Copy the lines below exactly, starting at the one with "Modern kitchen interior" and ending at the one with "無料特典 | 受付サイン1組(新郎用×1組、新婦用×1組) |", and leave out any picture.

## Data for the task

= Beginning of Section =

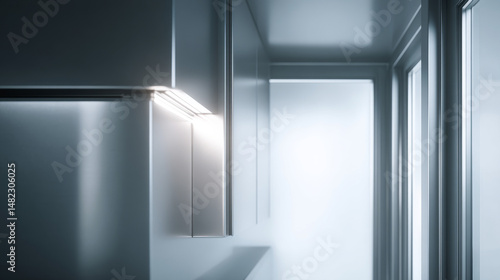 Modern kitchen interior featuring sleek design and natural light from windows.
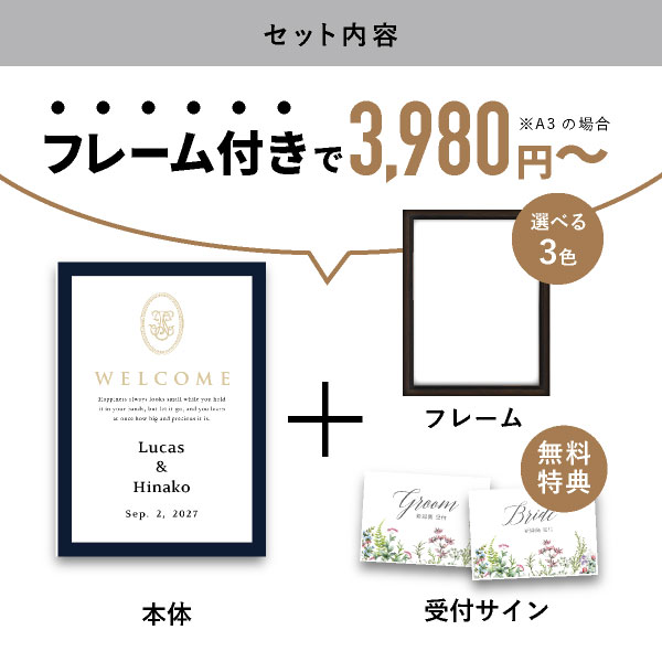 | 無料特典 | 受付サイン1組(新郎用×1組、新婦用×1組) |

= End of Section =
= Beginning of Section =

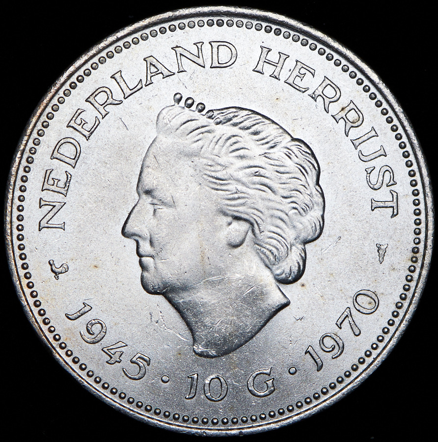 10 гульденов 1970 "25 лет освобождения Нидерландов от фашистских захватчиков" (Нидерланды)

= End of Section =

## Written response
 Modern kitchen interior featuring sleek design and natural light from windows.
 | 無料特典 | 受付サイン1組(新郎用×1組、新婦用×1組) |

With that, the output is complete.